(Source records)
== Segment start ==

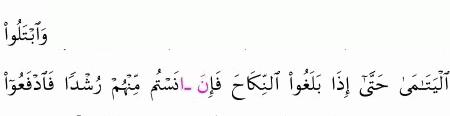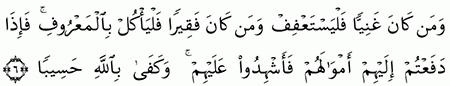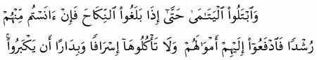 الآية رقم {6} من سورة ( النساء)
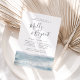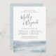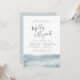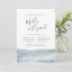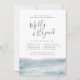 Our elegant summer wedding rehearsal dinner invitations feature classic nautical styling with a clean, minimalist look. Design features a watercolor wash along the bottom in pale grey blue, with your ceremony rehearsal and dinner details in a chic combo of block, italic and hand lettered script typography. Perfect for nautical or summer rehearsal dinners. Invitations reverse to hand drawn wavy stripes in tone on tone icy blue-green.
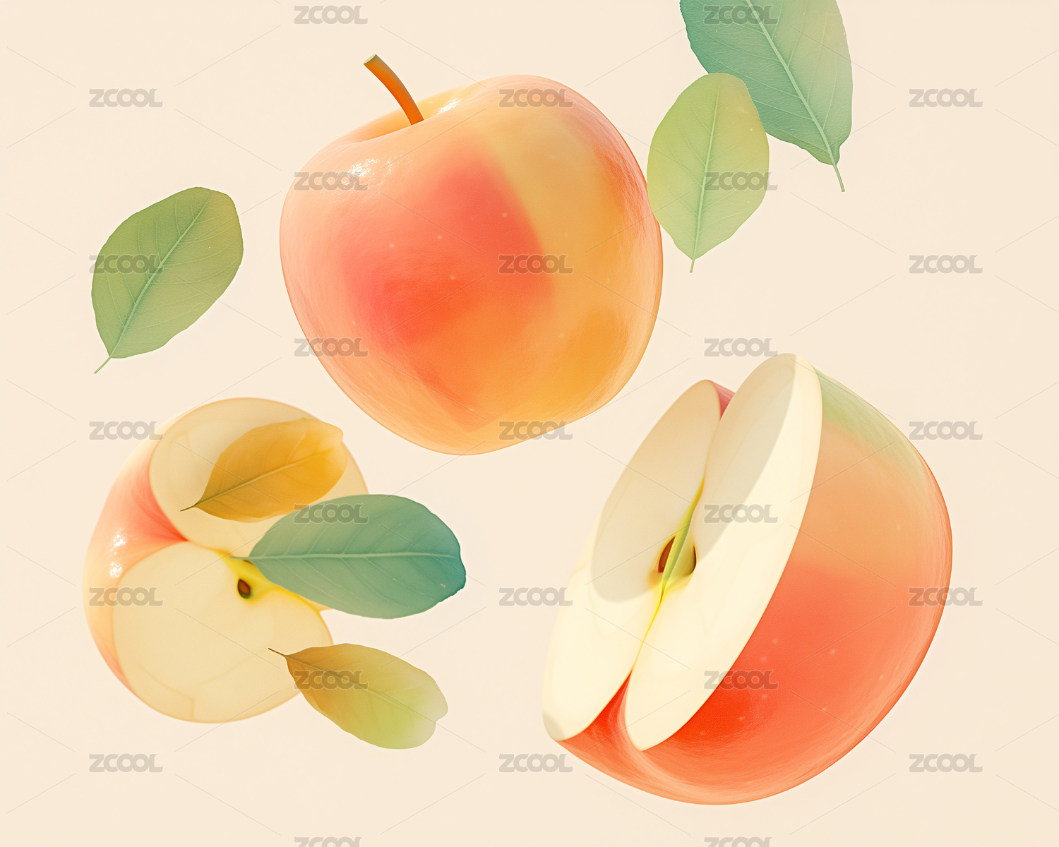 苹果切片与渐变背景
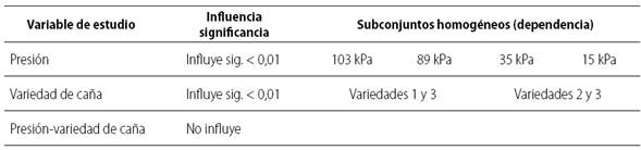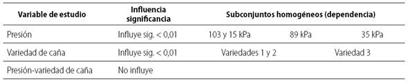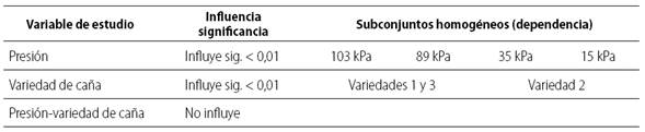 Las tres variedades en todos los sistemas de presión estudiados presentaron un comportamiento similar, con diferencias estadísticamente no significativas en los valores de las variables: sacarosa, azúcares reductores, coeficiente glucósido, pH y color, pero sí tienen efecto sobre la turbidez, con diferencias de significancia menor de 0,01. De esta forma, las diferencias de color que el consumidor percibe entre las panelas provenientes de las diferentes variedades de caña, son acentuadas por la turbidez.
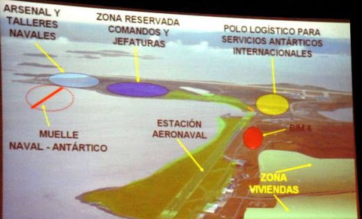 La delegación fue recibida en Ushuaia por el Jefe de Estado Mayor del ANAU, Capitán de Navío Néstor Darío Cersofios, quien realizó una exposición en la sala de Operaciones del ANAU, explicando las distintas tareas y operaciones que se llevan a cabo en la región. Por suparte, el Capitán de Navío Gerardo Boccardo informó al Jefe del Comando Sur sobre el proyecto de la Base Naval.
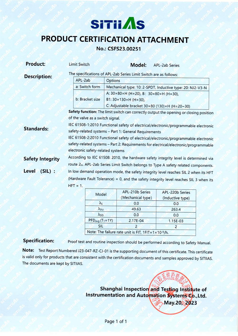 APL-2ab series SIL certificate
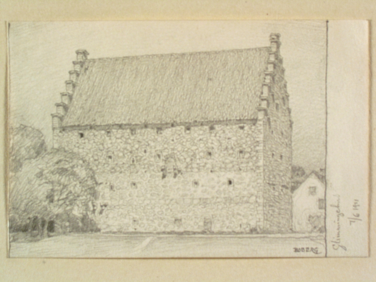 Teckning av Ferdinand Boberg. Skåne, Järrestads hd., Vallby sn., Glimmingehus
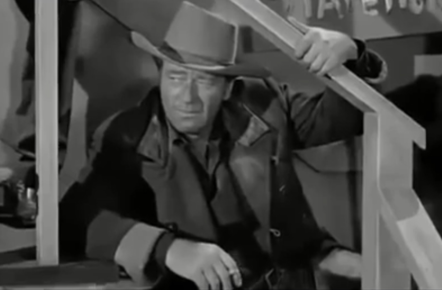 It’s no secret that Wayne’s characters get into conflict, shall we say, in his films. This film is no different, as he brags to Lomax (Kirk Douglas) after they each shot a villain. It serves as a way to inject humor, but Jackson is also reasserting himself as the top dog of the duo.
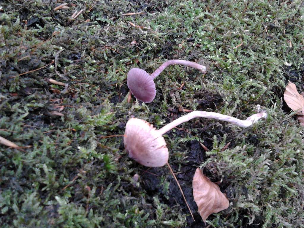 Der Lilaseidige Risspilz, Inocybe geophylla var. lilacina ist übrigens sehr oft sehr klein. Ich bin mir zumindest beim unteren Exemplar mit der Richtung recht sicher, bitte nagelt mich aber nicht auf die genaue var. fest, da gibt es mehre Arten oder Varietäten, je nach Auffassung und da steige ich noch nicht ganz durch. Der zweite, obere Fruchtkörper könnte meiner Meinung nach durchaus dieselbe Art sein, aber da erkennt man nicht genug.
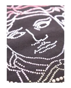 Grey sweasthirt, made from fleece cotton, with crewneck, long sleeves and ribbed cuffs and hemline; it is embellshed with side frills, with ivory vintage lace trim, ivory flowers embroideried on the sleeves and logo, always in avory, embroideried on the side.
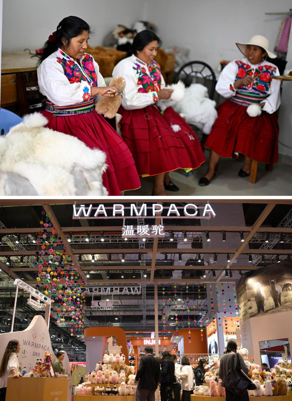 2016年,中國姑娘馬玉霞在秘魯阿雷基帕街邊市場購買(mai) 了秘魯羊駝毛製品手工藝人奧斯瓦爾多·馬馬尼的羊駝毛玩偶並引入中國市場。通過連續參展進博會(hui) ,羊駝毛製品在中國市場大受歡迎,並創立了中文品牌“溫暖駝”。今年,秘魯品牌“溫暖駝”連續第七年亮相進博會(hui) ,受到更多中國消費者的喜愛。目前,“溫暖駝”品牌已入駐國內(nei) 30多家商場,並且開拓了電商平台線上銷售,年銷量超過3萬(wan) 隻。上圖:2024年6月20日,在秘魯阿雷基帕,工作人員在羊駝毛製品手工藝人奧斯瓦爾多·馬馬尼的工坊製作羊駝玩偶。下圖:2024年11月5日在上海拍攝的第七屆進博會(hui) 秘魯“溫暖駝”展台。

== Segment end ==

No pictures go in the copy. Set down all the data exactly.

• _WRITTEN SOLUTION_
 الآية رقم {6} من سورة ( النساء)
 Our elegant summer wedding rehearsal dinner invitations feature classic nautical styling with a clean, minimalist look. Design features a watercolor wash along the bottom in pale grey blue, with your ceremony rehearsal and dinner details in a chic combo of block, italic and hand lettered script typography. Perfect for nautical or summer rehearsal dinners. Invitations reverse to hand drawn wavy stripes in tone on tone icy blue-green.
 苹果切片与渐变背景
 Las tres variedades en todos los sistemas de presión estudiados presentaron un comportamiento similar, con diferencias estadísticamente no significativas en los valores de las variables: sacarosa, azúcares reductores, coeficiente glucósido, pH y color, pero sí tienen efecto sobre la turbidez, con diferencias de significancia menor de 0,01. De esta forma, las diferencias de color que el consumidor percibe entre las panelas provenientes de las diferentes variedades de caña, son acentuadas por la turbidez.
 La delegación fue recibida en Ushuaia por el Jefe de Estado Mayor del ANAU, Capitán de Navío Néstor Darío Cersofios, quien realizó una exposición en la sala de Operaciones del ANAU, explicando las distintas tareas y operaciones que se llevan a cabo en la región. Por suparte, el Capitán de Navío Gerardo Boccardo informó al Jefe del Comando Sur sobre el proyecto de la Base Naval.
 APL-2ab series SIL certificate
 Teckning av Ferdinand Boberg. Skåne, Järrestads hd., Vallby sn., Glimmingehus
 It’s no secret that Wayne’s characters get into conflict, shall we say, in his films. This film is no different, as he brags to Lomax (Kirk Douglas) after they each shot a villain. It serves as a way to inject humor, but Jackson is also reasserting himself as the top dog of the duo.
 Der Lilaseidige Risspilz, Inocybe geophylla var. lilacina ist übrigens sehr oft sehr klein. Ich bin mir zumindest beim unteren Exemplar mit der Richtung recht sicher, bitte nagelt mich aber nicht auf die genaue var. fest, da gibt es mehre Arten oder Varietäten, je nach Auffassung und da steige ich noch nicht ganz durch. Der zweite, obere Fruchtkörper könnte meiner Meinung nach durchaus dieselbe Art sein, aber da erkennt man nicht genug.
 Grey sweasthirt, made from fleece cotton, with crewneck, long sleeves and ribbed cuffs and hemline; it is embellshed with side frills, with ivory vintage lace trim, ivory flowers embroideried on the sleeves and logo, always in avory, embroideried on the side.
 2016年,中國姑娘馬玉霞在秘魯阿雷基帕街邊市場購買(mai) 了秘魯羊駝毛製品手工藝人奧斯瓦爾多·馬馬尼的羊駝毛玩偶並引入中國市場。通過連續參展進博會(hui) ,羊駝毛製品在中國市場大受歡迎,並創立了中文品牌“溫暖駝”。今年,秘魯品牌“溫暖駝”連續第七年亮相進博會(hui) ,受到更多中國消費者的喜愛。目前,“溫暖駝”品牌已入駐國內(nei) 30多家商場,並且開拓了電商平台線上銷售,年銷量超過3萬(wan) 隻。上圖:2024年6月20日,在秘魯阿雷基帕,工作人員在羊駝毛製品手工藝人奧斯瓦爾多·馬馬尼的工坊製作羊駝玩偶。下圖:2024年11月5日在上海拍攝的第七屆進博會(hui) 秘魯“溫暖駝”展台。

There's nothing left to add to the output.